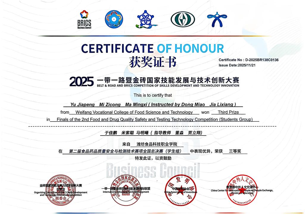 近日,2025一带一路暨金砖国家技能发展与技术创新大赛第二届食品药品质量安全与检测技术赛项全国总决赛圆满落幕。我校参赛团队凭借扎实的专业功底、娴熟的实践技能和出色的临场应变能力,在众多参赛队伍中脱颖而出,最终斩获全国总决赛三等奖1项、优秀奖2项,充分展现了我校在食品药品质量安全与检测技术领域的人才培养成效。
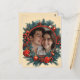 Underbart vykort med lätt jultema. Det finns ett cirkulärt ram som du kan fylla med ett eget foto och en egen text!
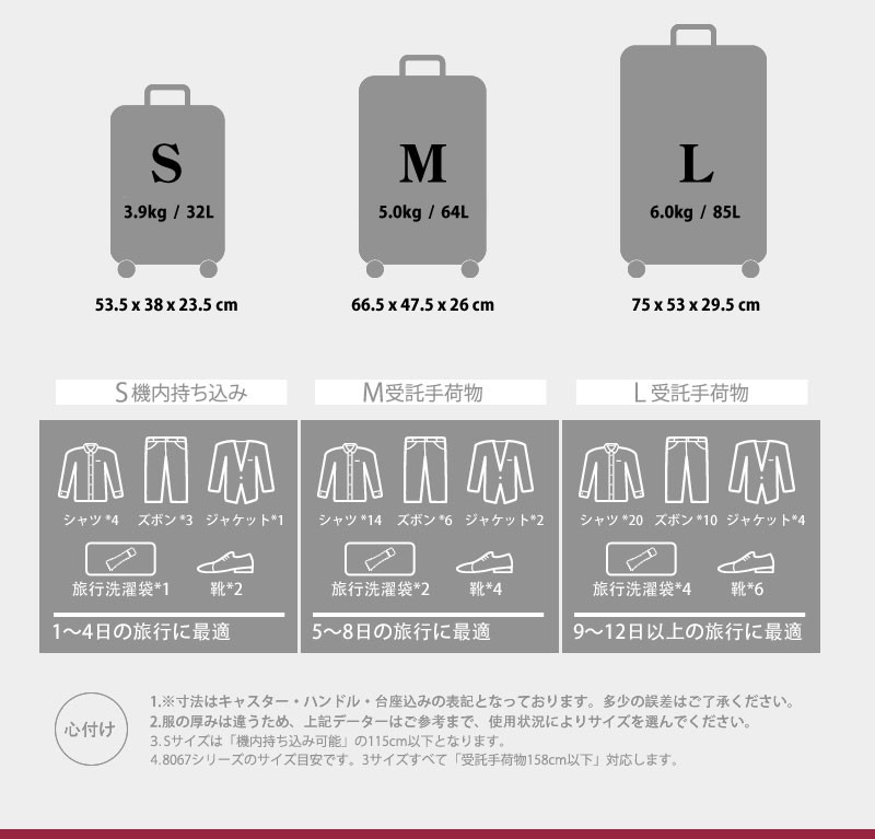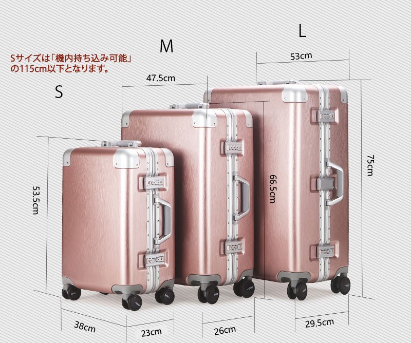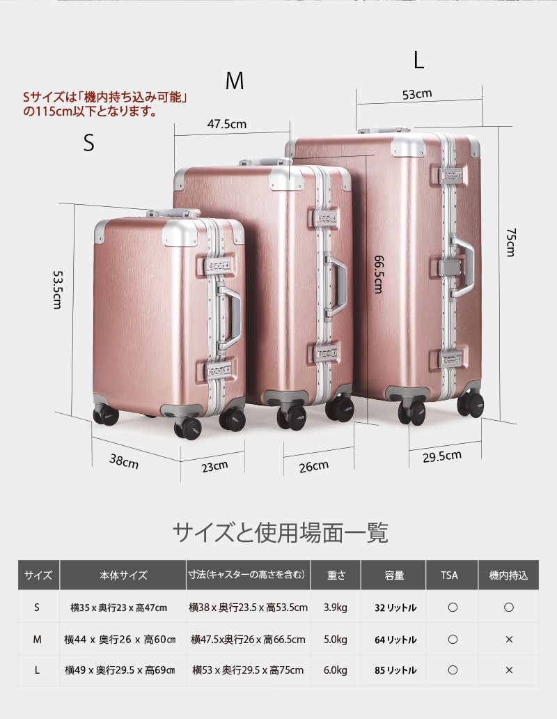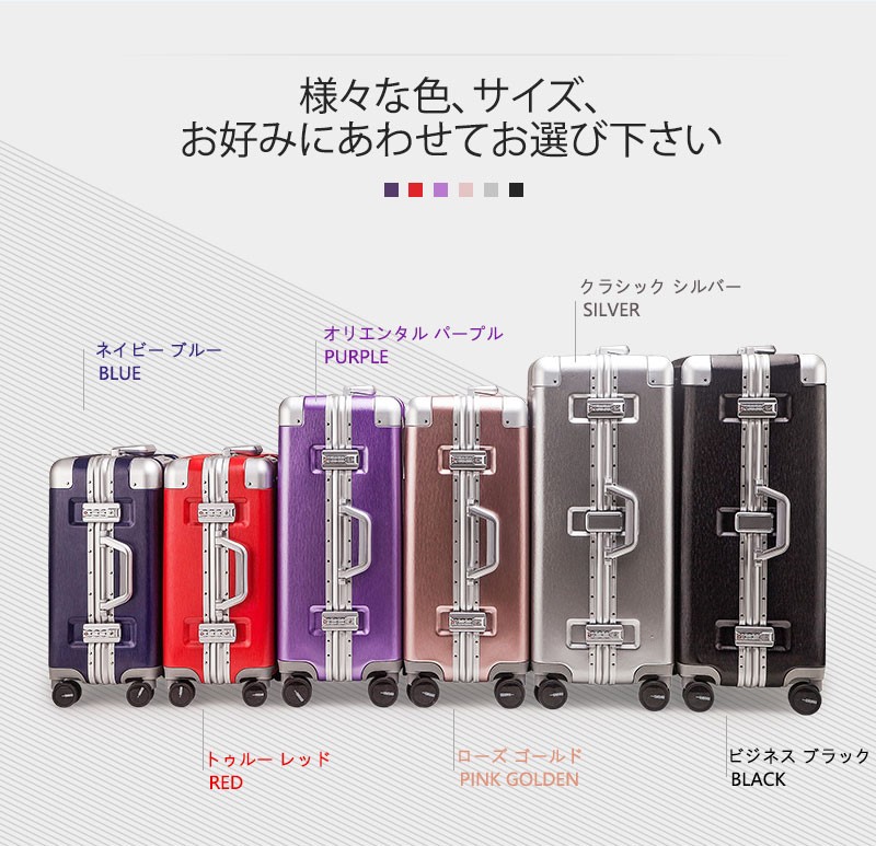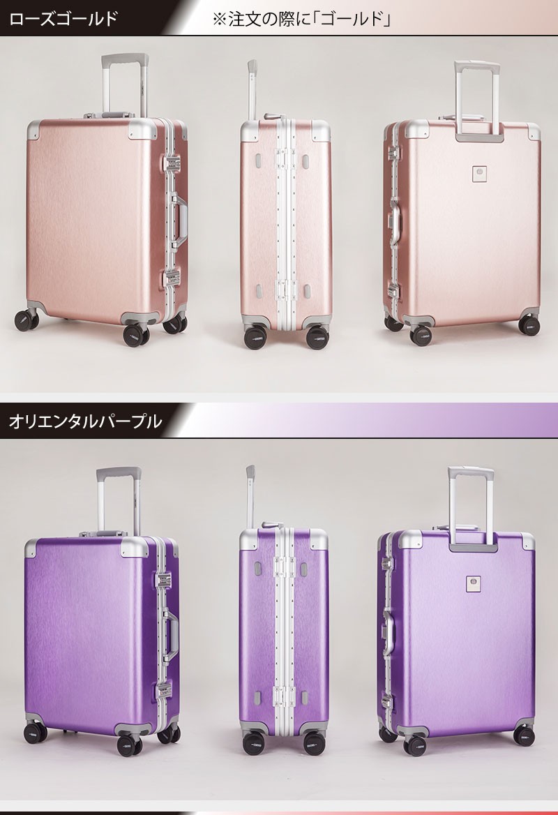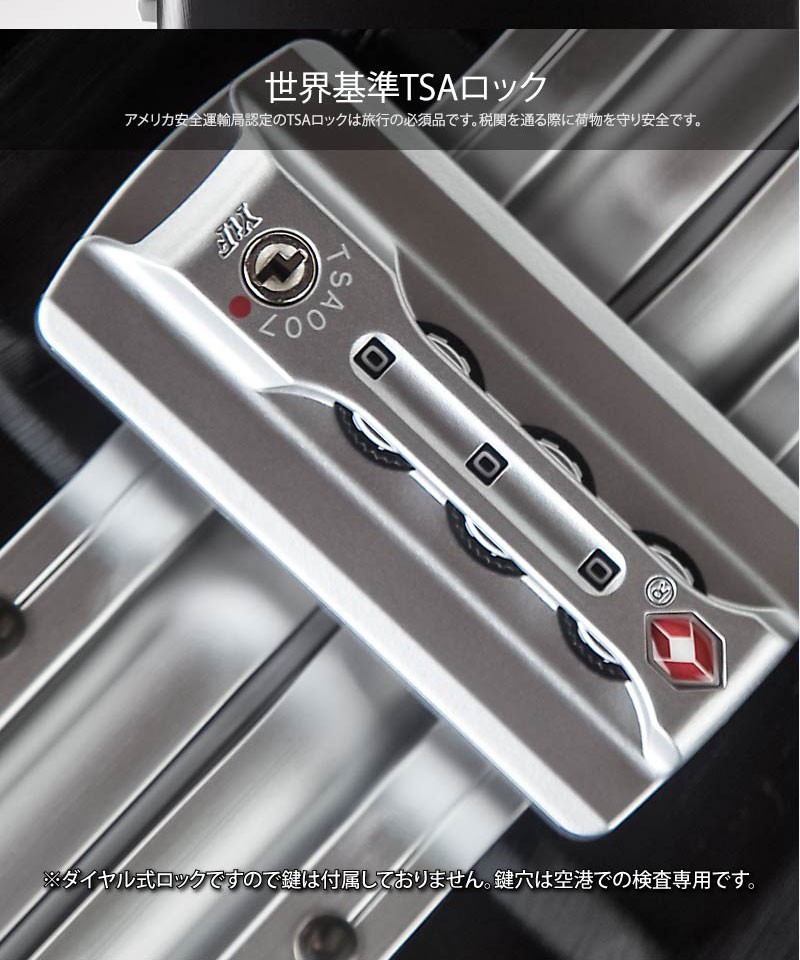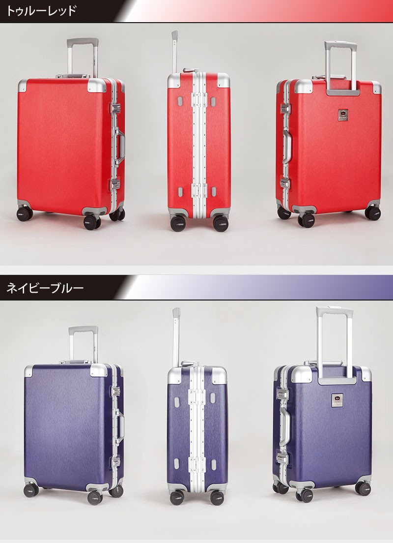 【送料無料】M サイズ●本体外寸:約縦66.5cm 横47.5cm 奥行26cm ●容量:約64L●重さ:約 5.0kg 掲載写真については、パソコンの環境により若干の色違い場合がございます。8067シリーズの単色商品は全6色、シルバー、ゴールド、黒、青、赤、紫があります。 削りだし仕上げのスーツケースボディはファッション性抜群!!収納能力は高く、落ち着くブルーの内装はXバンドは両面付き、取り外し可能な仕切りは一枚、取り外せない仕切りも一枚です。メッシュポケット付きでさらに収納便利!世界基準TSAロック搭載ですので全世界施錠した状態で荷物を預ける事が出来ます。
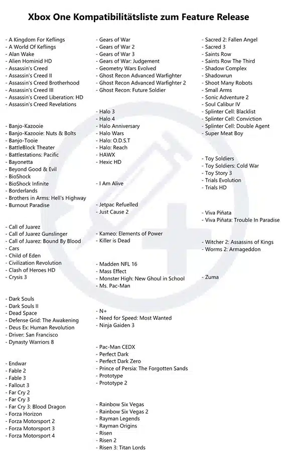 Η συμβατότητα των παλαιότερων τίτλων με το Xbox One ήταν το χαρακτηριστικό που επιθυμούσε η πλειοψηφία των κατόχων του Xbox One και η Microsoft θα κάνει την επιθυμία τους πραγματικότητα στις 12 Νοεμβρίου με δωρεάν αναβάθμιση που θα γίνει διαθέσιμη σε όλους τους κατόχους της κονσόλας. Μέσα στη λίστα δε θα μπορούσαν να λείψουν τίτλοι όπως η σειρά του Gears Of War, Assassin’s Creed, Banjo-Kazooie, Fable, Splinter Cell, BioShock και άλλα.

_ _ _ _ _

» **About this exercise**:
Give again exactly the lines running from the beginning of the material above through the line that contains "サイズ●本体外寸:約縦66.5cm 横47.5cm 奥行26cm", and leave out every picture.

» **Expected answer**:
 近日,2025一带一路暨金砖国家技能发展与技术创新大赛第二届食品药品质量安全与检测技术赛项全国总决赛圆满落幕。我校参赛团队凭借扎实的专业功底、娴熟的实践技能和出色的临场应变能力,在众多参赛队伍中脱颖而出,最终斩获全国总决赛三等奖1项、优秀奖2项,充分展现了我校在食品药品质量安全与检测技术领域的人才培养成效。
 Underbart vykort med lätt jultema. Det finns ett cirkulärt ram som du kan fylla med ett eget foto och en egen text!
 【送料無料】M サイズ●本体外寸:約縦66.5cm 横47.5cm 奥行26cm ●容量:約64L●重さ:約 5.0kg 掲載写真については、パソコンの環境により若干の色違い場合がございます。8067シリーズの単色商品は全6色、シルバー、ゴールド、黒、青、赤、紫があります。 削りだし仕上げのスーツケースボディはファッション性抜群!!収納能力は高く、落ち着くブルーの内装はXバンドは両面付き、取り外し可能な仕切りは一枚、取り外せない仕切りも一枚です。メッシュポケット付きでさらに収納便利!世界基準TSAロック搭載ですので全世界施錠した状態で荷物を預ける事が出来ます。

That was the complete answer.